For this reason, the guides illustrate a process, or movement, from the Common Inspection Framework, through specific, proven actions for improvement, to the recognition of success in self-assessment and, ultimately, inspection grades. It means providers can see a direct connection between the key questions in the Common Inspection Framework to their implementation 'on the ground' and the subsequent evidence of improvement in self-assessment and inspection grades.

The interactive versions are particularly well suited to this treatment of quality improvement as a process. The flowchart shows how the process works across each guide. We encourage providers to follow a similar route as they use the interactive guides to improve their practice.

INTRODUCTION TO THE CONTEXT

The revised introduction sets out the policy background for each context of learning.

CHECKPOINTS FOR THE COMMON INSPECTION FRAMEWORK

The five questions of the Common Inspection Framework (CIF) are broken them down into a series of 'checkpoints'.

Clicking on a checkpoint will open suggestions for what each CIF question means in your context.

A: HOW TO ACHIEVE SUCCESS

Now you know what each CIF question means in your context, how can you make the changes that will meet the requirements of each question in your context?

The sections headed 'How to achieve success' for each CIF question offer expert advice on how you can achieve success in each of the five areas covered by the CIF. These sections include sample materials, which you can download, save or print.

B: WHAT IS SUCCESS?

How do you know you have succeeded?

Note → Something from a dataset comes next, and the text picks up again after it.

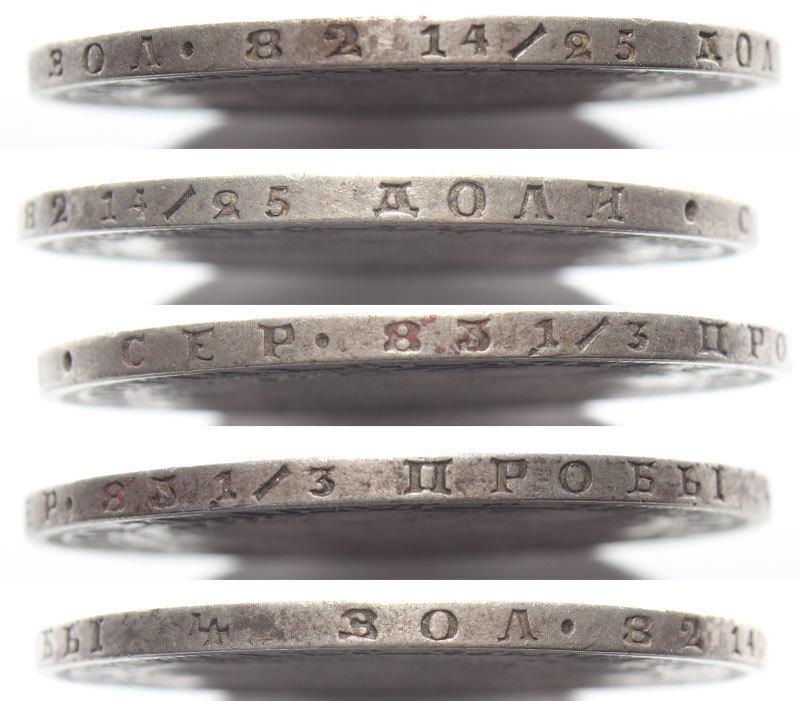 Аверс: по кругу вдоль края монеты разделенная вверху розеткой надпись «ЧИСТОГО СЕРЕБРА 4 ЗОЛОТНИКА 21 ДОЛЯ», в середине в круге из точек герб Российской империи, внизу слева и справа от хвоста орла инициалы минцмейстера «HI» (Николай Иосса).

In the next section, we look at what success might look like in your context through a series of case studies.

The case studies are again positioned under each of the five questions of the Common Inspection Framework, so you always know what aspect of provision they are illustrating.

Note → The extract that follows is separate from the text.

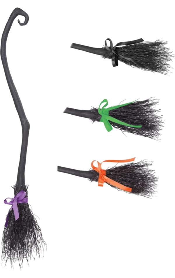 Black PVC wood effect two piece broom set consisting of 4 separate interchangeable coloured ribbons of purple, orange, black and green. Pick a colour to match your costume!

C: HOW IS SUCCESS RECOGNISED?

Finally, we look at how success is recognised and reported on at inspection in your context.

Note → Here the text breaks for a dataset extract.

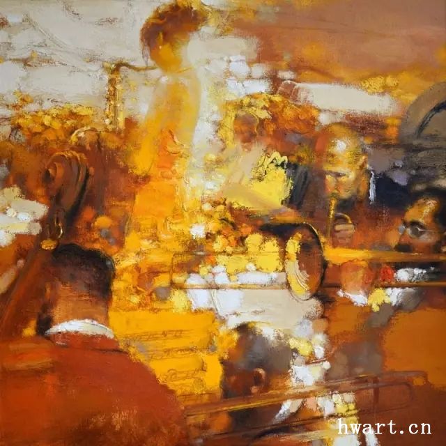 音乐作为一种流动性的时间艺术,以声音的速度、节奏等遵循一定的规律构成或低沉雄浑或悠扬婉转的绵延之音,在可见的境界中欣赏不可见的心境;我始终认为音乐所具有的生命力能给人以激励和启示。在动态平衡的原则下,音乐作品始于静,经过动的演绎,最终又回归静态;而欣赏音乐时,音乐是动的,人的状态处于静止,但心绪却又悸动。探寻和表现的实质即音乐与生活的内在性,而不是其表面形式。只有从心灵深处去表现,才能抓住音乐的动力感。其过程既是对音乐徒生情愫的诠释和表达,又是作者心灵的自我表白,传达自我从内心深处所悟到的人与音乐不可分割的感受,才能唤起人们对作品产生一种亲切的感情。记得曾经看过法国一个著名爵士乐队的现场演出:一位满头小辫的男钢琴手弹着弹着就跑到后台去了,过一会又跑出来接着弹,却觉得音乐并没有因他暂时离去而间断。这位真正懂音乐、玩音乐的行家,给人们带来激情和舒适。音乐最大的魅力莫过于对想象力的激发。在音符的流淌中,想象与联想得到了最大限度的发挥。而在绘画过程中,只有积极、主动地处理并追求特定条件下的整体和谐效果,才能在创作中主动感知、发现自然物象本身的审美内涵所在,并按自己的个性审美追求产生想象和联想,寄寓情感,将自我表现逐步过渡到具有创造力和表现力的艺术语言,升华出不同情趣和个性的艺术效果,创造出最佳趣味与意境。并非只是纯粹的记录或再现,也没有刻意具象描摹音乐演奏现场,而是通过颜料的叠加、色彩的铺陈,在抽象的笔触中营造出充满音乐听觉的视觉空间,展现乐者深沉内敛的艺术气质,从而抒发胸臆。放任想象与画笔的碰撞,尽情抒写自我的感情诉求与心怀。通过对光线明暗的对比和创设情境,营造戏剧般的效果,画面色调、用笔、造型的细微度等所有因素交织在一起,整体处理复杂画面中的人物在场景光线下的明与暗,用光线强化显现出画中的主要部分,让画面的暗部消融隐藏在暗影之中,在显现与遮蔽中呈现出画面人物的精神状态和性格特征,在明与暗、显与隐的轻松氛围中,使整个画面形成一种强烈的戏剧性效果,稳定而庄重。通过油彩层层叠压、反复调整,使细节的变化得以丰富,从刚开始那种单一而强烈的倾向性又回到自然状态,并以独有的发散思维方式敞开在画面中,画面在时间和空间中奇异地交织辉映,人物表情或坚毅自信,或深沉忧郁,或优雅高贵……通过对人物动态、面部表情和氛围营造等等表现, 所有的因素都参与其中,交织起来,展现出人的精神性,进而在笔触与色彩的相互交织中呈现出音乐的华釆,其精神灵韵也伴随着笔触的混杂、交织和颜料多层覆盖的叠压、罩染,呈现出生命的和谐、饱满与激情,乐者们被光韵照亮,正如生命的某些抽象性因素,在时间的延续中得到永恒。

We have taken quotes from inspection reports that illustrate good practice in each of the five areas covered by the Common Inspection Framework. In many cases, you can link to the full report to find out more.

New features

Putting the DfES Raising Standards Guides onto the Internet has opened up the opportunity to exploit still further the range and depth of information they contain. Some of the new features include:

  • updated information on the policy context in the introduction to each guide
  • lateral links between the guides, so that one aspect can be examined across all the guides - for example, to compare leadership and management across all 13 contexts of learning
  • checkpoints for each Common Inspection Framework question all together in one place, with the option to view the implications of each checkpoint for a particular context
  • downloadable examples of individual learning plans, schemes of work and mission statements - actual documents used by teachers and managers
  • revised and updated case studies, many with links to web resources
  • quotations from recent inspection reports illustrating good practice, with links to the full report
  • the ability to save individual pages or sections in an e-notebook for reading or printing later
  • a comprehensive interactive glossary with over 500 entries that link directly to further resources and information
  • search facilities
  • links to a wide range of paper-based and web resources, through a comprehensive resource bank
  • a focus throughout the guides on how the Government's Skills and Skills for Life strategies relate to a specific context and how to interpret this in practice
  • better potential for updating and supplementing the guides as more material becomes available.